The main function is defined below:

::

   pthread_mutex_t read_lock = PTHREAD_MUTEX_INITIALIZER;

   int main ( int argc, char* argv[] )
   {
      printf("How many jobs ? ");
      int njobs; scanf("%d",&njobs);
      jobqueue *jobs = make_jobqueue(njobs);
      if(v > 0) write_jobqueue(jobs);

      printf("How many threads ? ");
      int nthreads; scanf("%d",&nthreads);
      int done = process_jobqueue(jobs,nthreads); 
      printf("done %d jobs\n",done);
      if(v>0) write_jobqueue(jobs);

      return 0;
   }

Below is the definition of the function ``do_job``:

::

   void *do_job ( void *args )
   {
      jobqueue *q = (jobqueue*) args;
      int dojob;
      do
      {
         dojob = -1;
         if(v > 0) printf("thread %d requests lock ...\n",q->id);
         pthread_mutex_lock(&read_lock);
         int *j = q->nextjob;
         if(*j < q->nb) dojob = (*j)++;
         if(v>0) printf("thread %d releases lock\n",q->id);
         pthread_mutex_unlock(&read_lock);
         if(dojob == -1) break;
         if(v>0) printf("*** thread %d does job %d ***\n",
                        q->id,dojob);
         int w = q->work[dojob];
         if(v>0) printf("thread %d sleeps %d seconds\n",q->id,w);
         q->work[dojob] = q->id; /* mark job with thread label */
         sleep(w);
      } while (dojob != -1);

      if(v>0) printf("thread %d is finished\n",q->id);

      return NULL;
   }

Pthreads allow for the finest granularity.
Applied to the computation of the Mandelbrot set:
One job is the computation of the grayscale of one pixel,
in a 5,000-by-5,000 matrix.
The next job has number :math:`n = 5,000*i + j`, 
where :math:`i = n/5,000` and :math:`j = n ~{\rm mod}~ 5,000`.

The Dining Philosophers Problem
-------------------------------

A classic example to illustrate the synchronization problem
in parallel program is the dining philosophers problem.

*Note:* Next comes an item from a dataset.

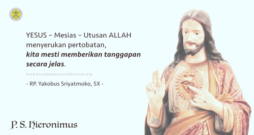 Pesan apa yang bisa kita tangkap dari perikop ini? Di depan Yesus – Mesias – Utusan Allah yang menyerukan pertobatan, kita mesti memberikan tanggapan secara jelas. Menerima sabda itu dan menjalankannya atau menolaknya. Berbahagialah yang menerima Yesus dan sabda-Nya dengan sungguh-sungguh! Menjadi Katolik-Kristen tidak cukup hanya dibaptis dengan air dan mendapat surat baptis. Kalau kita percaya kepada Kristus, dari hari ke hari kita mesti melakukan pertobatan seperti yang Yesus minta kepada kita, “Jadilah sempurna seperti Bapamu di sorga sempurna adanya” (Mat. 5:40). Dengan demikian kita tidak akan mendapatkan kecaman seperti orang-orang di Khorazim, Betsaida dan Kapernaum melainkan akan mendapatkan pujian, “Berbahagialah kamu karena kamu telah mendengarkan sabda-Ku dan menjalankannya!”

The problem setup, rules of the game:

1. Five philosophers are seated at a round table.

2. Each philosopher sits in front of a plate of food.

3. Between each plate is exactly one chop stick.

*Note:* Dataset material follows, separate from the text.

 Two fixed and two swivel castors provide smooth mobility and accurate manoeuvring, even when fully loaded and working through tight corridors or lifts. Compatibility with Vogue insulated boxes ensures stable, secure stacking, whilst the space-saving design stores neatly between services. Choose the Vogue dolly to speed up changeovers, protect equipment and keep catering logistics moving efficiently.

4. A philosopher thinks, eats, thinks, eats, ...

5. To start eating, every philosopher

   1. first picks up the left chop stick, and

   2. then picks up the right chop stick.

Why is there a problem?

The problem of the starving philosophers:

* every philosoper picks up the left chop stick, at the same time,

* there is no right chop stick left, every philosopher waits, ...

Bibliography
------------

1. Compaq Computer Corporation.
   **Guide to the POSIX Threads Library**, April 2001.

2. Mac OS X Developer Library.
   **Threading Programming Guide**, 2010.

Exercises
---------

1. Modify the ``hello world!`` program with 
   so that the master thread prompts the user for a name
   which is used in the greeting displayed by thread 5.
   Note that only one thread, the one with number 5,
   greets the user.

2. Consider the Monte Carlo simulations 
   we have developed with MPI for the estimation of :math:`\pi`.
   Write a version with Pthreads and examine the speedup.

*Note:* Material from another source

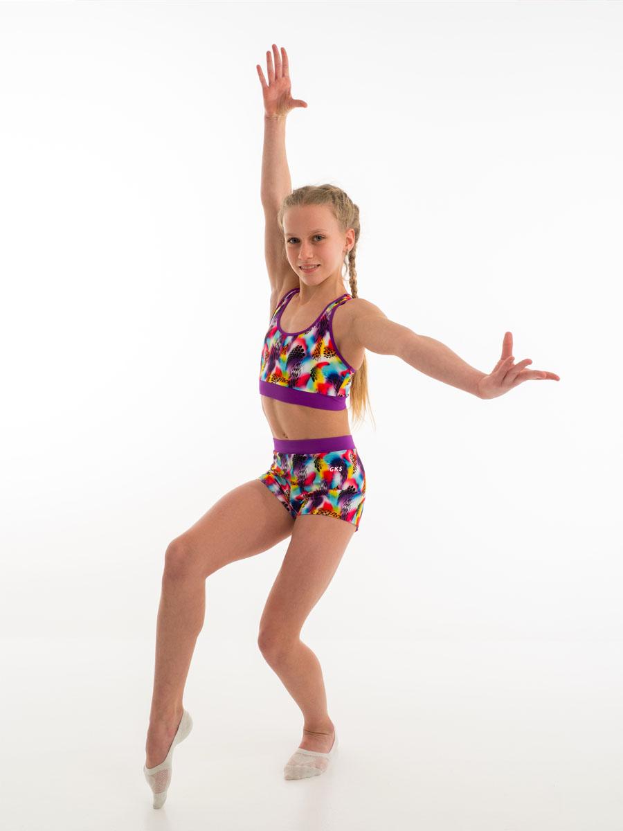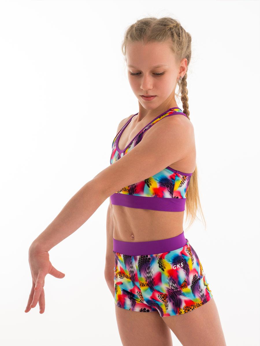 Гимнастический комплект топ с шортами для тренировок. Для занятий гимнастикой, акробатикой, прыжками на батуте.

3. Consider the computation of the Mandelbrot set 
   as implemented in the program ``mandelbrot.c`` of lecture 7.
   Write code for a work crew model of threads to compute the
   grayscales pixel by pixel.
   Compare the running time of your program using Pthreads
   with your MPI implementation.

4. Write a simulation for the dining philosophers problem.
   Could you observe starvation? Explain.